Store lemon buttercream in an airtight container in the refrigerator for up to one week. Before using, let it come to room temperature and rewhip briefly to restore its smooth texture. It can also be frozen for up to three months; thaw overnight in the refrigerator before bringing to room temperature and whipping again.

How to Serve

A round white bowl is filled with one thick, smooth layer of creamy, pale yellow frosting swirled on top, showing soft peaks and light texture. The bowl sits on a black and white checkered cloth, placed on a white marbled surface. To the left, a wooden board holds a whole yellow lemon and a half lemon with green leaves beside them. Two light blue candle holders with white candles are in the upper right background. A gold and blue frosting spatula with a small dollop of frosting rests on the surface near the bowl.
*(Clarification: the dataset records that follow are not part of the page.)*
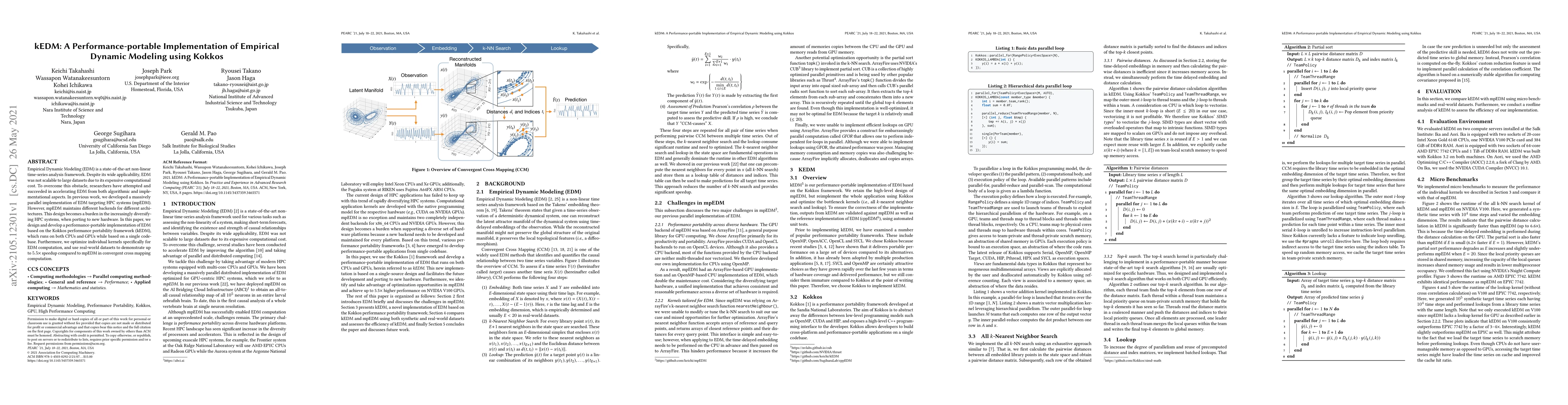 This paper presents kEDM, a performance-portable implementation of Empirical Dynamic Modeling (EDM) using the Kokkos framework, enabling it to run on both CPUs and GPUs with a single codebase, achieving up to 5.5x speedup over previous parallel implementations.
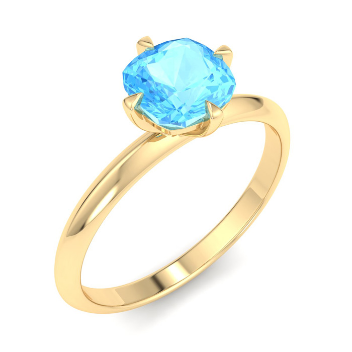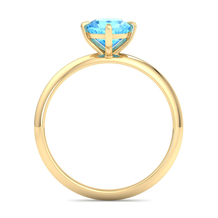 1 Carat Cushion Shape Blue Topaz Ring In 14K Yellow Gold
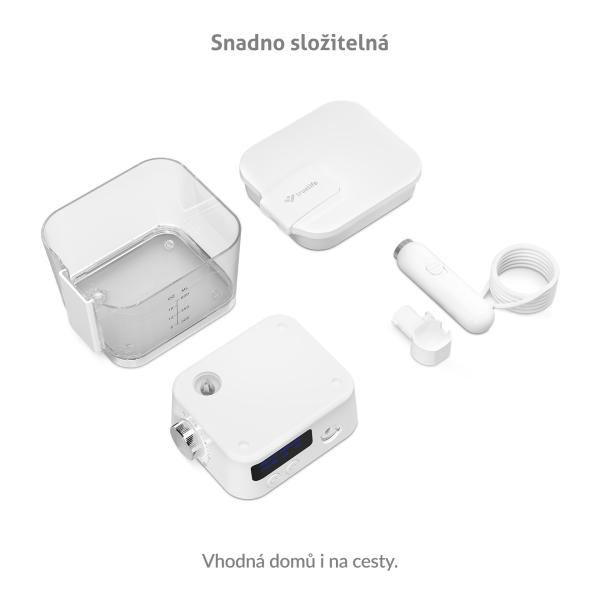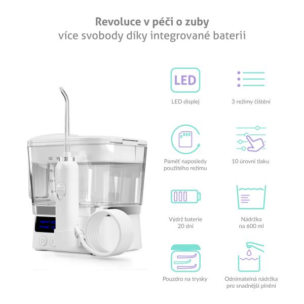 Sprcha je vybavena nádržkou o objemu 600 ml, která vystačí na celé jedno čištění ústní dutiny.
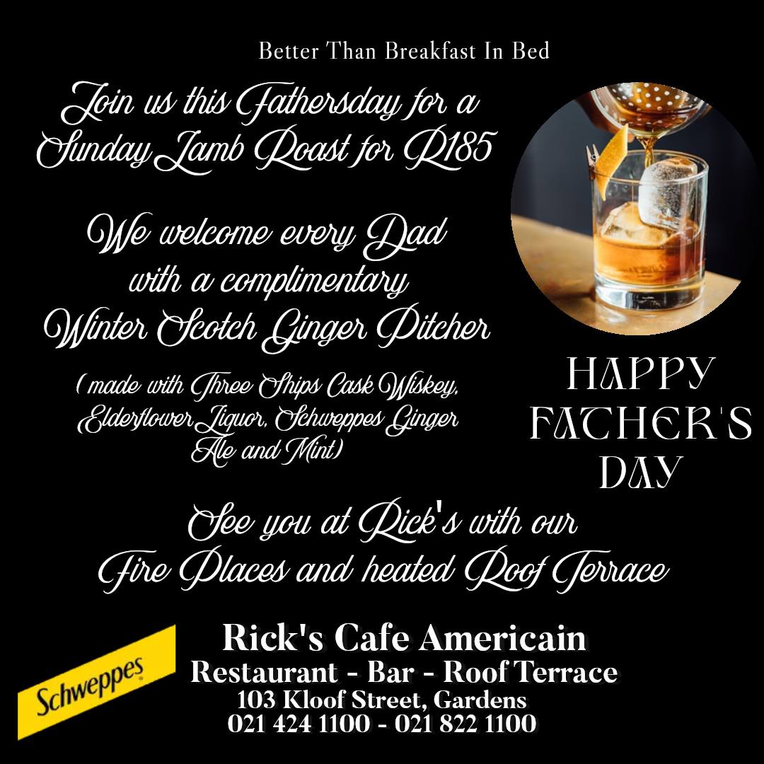 This Father’s Day, skip the slippers and treat Dad to something better than breakfast in bed — a sizzling Sunday Lamb Roast at Rick’s Café Américain for just R185, complete with cozy fireplaces and a heated rooftop terrace.

Photo taken with an iphone --ar 4:5 --v 7

Serve this delicious recipe with your favorite sides.

FAQs

Can I use bottled lemon juice instead of fresh?

Fresh lemon juice is best for bright flavor, but bottled lemon juice can be used in a pinch. Be sure to adjust the amount to taste as bottled juice can be more concentrated or less fresh.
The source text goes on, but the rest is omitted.